Kingsley is a civil parish and a village in the unitary authority of Cheshire West and Chester and the ceremonial county of Cheshire, England. It is approximately 5 miles south east of the town of Frodsham.

The village is home to two primary schools – Kingsley St John's Church of England Primary School and Kingsley Community Primary School.

History 

Kingsley is first listed in the Domesday Book of 1086 as Chingeslie in the Roelau Hundred. The village is listed as having been held from Earl Hugh d'Avranches by a Saxon named Dunning. It has land for two ploughs, and home to five serfs, one villein, and three bordars. It also mentioned one and a half fisheries, four hays for roe deer, and a hawk's eyrie. The earl brought the woodland of one league long and one league wide into his forest. The forest mentioned was the ancient forest of Mara and Mondrem which was greatly reduced in size subsequently and is now known as Delamere Forest.

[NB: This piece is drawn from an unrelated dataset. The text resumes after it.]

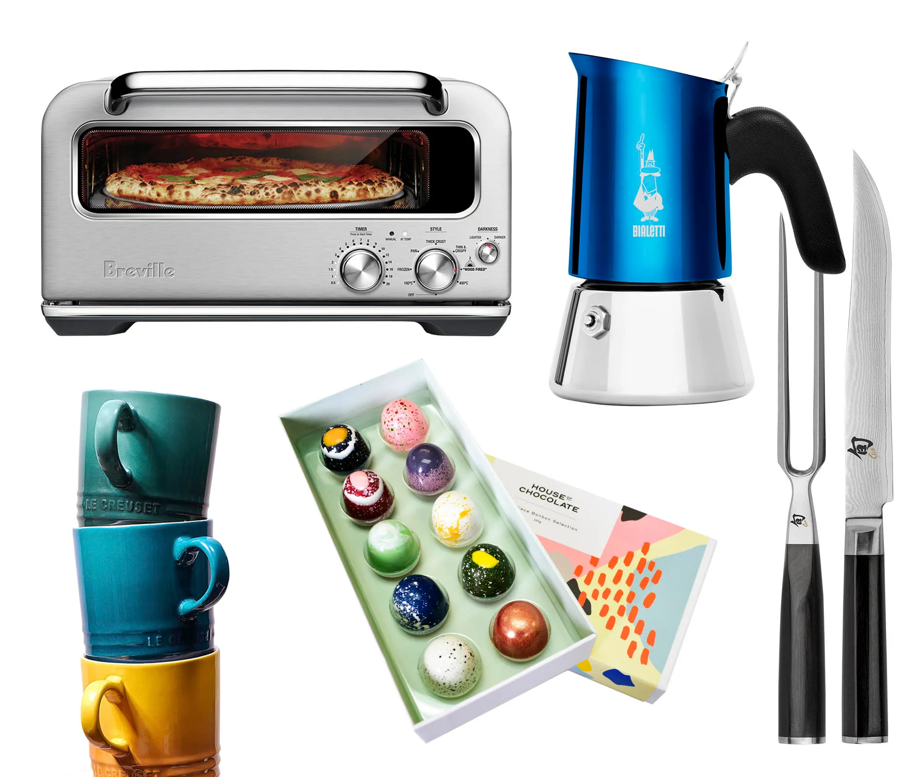Clockwise from top left: Breville the Smart Pizzaiolo, $999, from Noel Leeming. Limited edition 4-cup stovetop espresso maker in venus blue, $110, from Bialetti. Two-piece carving set, $499, from Kai Shun. 10-piece bonbon selection, $36, from House of Chocolate. Botanique mugs, $130 (four), from Le Creuset.

In 1260, the village was listed as Kingisleg. The name of the village ultimately derives from "king's lea" – the meadow of the king.

The village was for a long time known for its independence, as shown in its early Quaker meeting house, as well as its siding with the Parliamentarians during the English Civil War.

Governance

Kingsley was a township in Frodsham ancient parish. It was made a separate civil parish in 1866, having been made a separate ecclesiastical parish in 1853. It was originally in Eddisbury Hundred, and after the reforms of the 19th century, became part of Runcorn Rural District. It was also in Runcorn Poor Law Union and Runcorn Sanitary District until 1974, and in the borough of Vale Royal from 1974 to 2009.

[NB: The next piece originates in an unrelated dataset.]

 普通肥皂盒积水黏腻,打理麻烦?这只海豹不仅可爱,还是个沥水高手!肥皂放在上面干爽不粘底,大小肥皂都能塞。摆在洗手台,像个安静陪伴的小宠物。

An electoral ward in the same name exists. This stretches from Sutton in the north to Norley in the south. The total population of this ward taken at the 2011 Census was 4,222.

Religion

Until the 19th century, the local parish church was that of St Laurence, at Overton in nearby Frodsham. In 1851 the red sandstone Anglican Church of St John the Evangelist was consecrated, having been built to a design of George Gilbert Scott, and in 1853 it became the village's parish church.

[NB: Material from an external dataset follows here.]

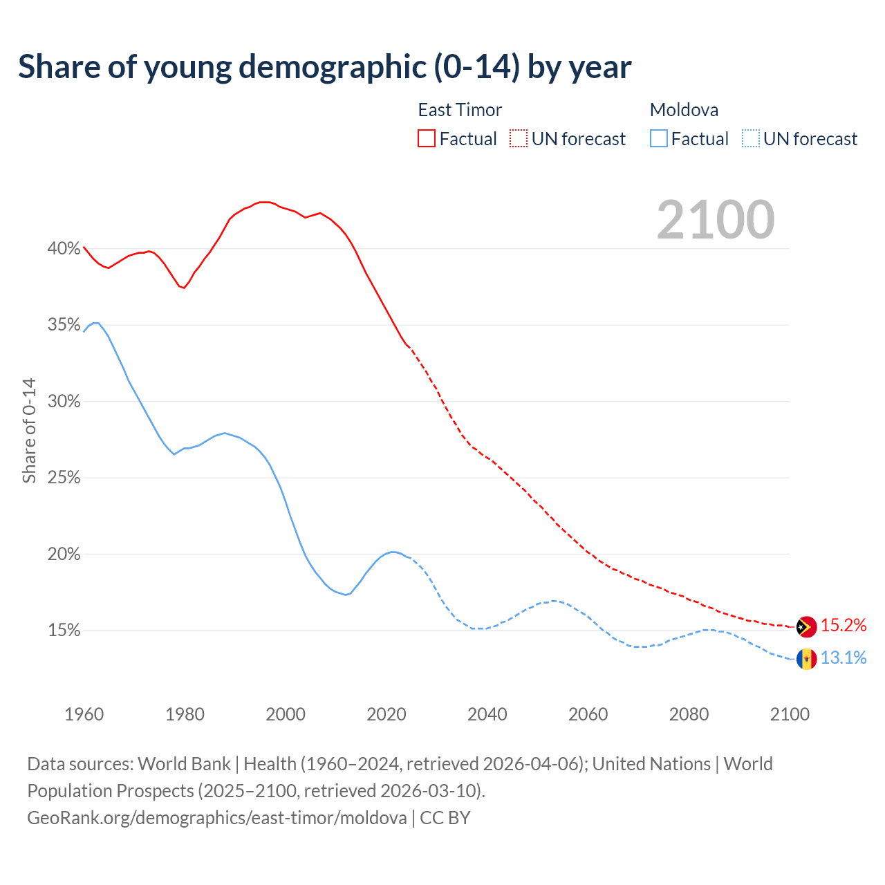 - The share of young demographic (0-15 years old) in East Timor is 33.7% vs 19.8% in Moldova.

The current Methodist chapel, Hurst Methodist Chapel, was built in 1871. Between 1864 and 1967 there was a second Methodist chapel, Brookside Methodist Chapel.

Demography

Population 
 1801: 661
 1851: 1067
 1901: 1066
 1951: 1503
 2001: 2026
 2011: 1986

Notable residents 
Paula Radcliffe
Bob Carolgees
Emily Speed
Luke Browning

Transport 

The nearest railway station is 3 miles away at Acton Bridge on the West Coast mainline for trains to Liverpool and Birmingham and links, via Runcorn and Crewe to intercity services. Delamere railway station is 3.1 miles away with services to Northwich, Manchester and Chester. Alternatively, there is Frodsham railway station which is 3.2 miles away for services to Manchester, Chester and North Wales. By 2018 there will be services once again to Liverpool from Frodsham.

Community

Kingsley is home to a number of community services including a community centre, The Kingsley Village Institute, Kingsley Cricket Club, Kingsley Youth Group (formerly KU17's), Scouts (Beavers, Cubs & Scouts) and Guide groups and The Kingsley Players, an amateur dramatic society.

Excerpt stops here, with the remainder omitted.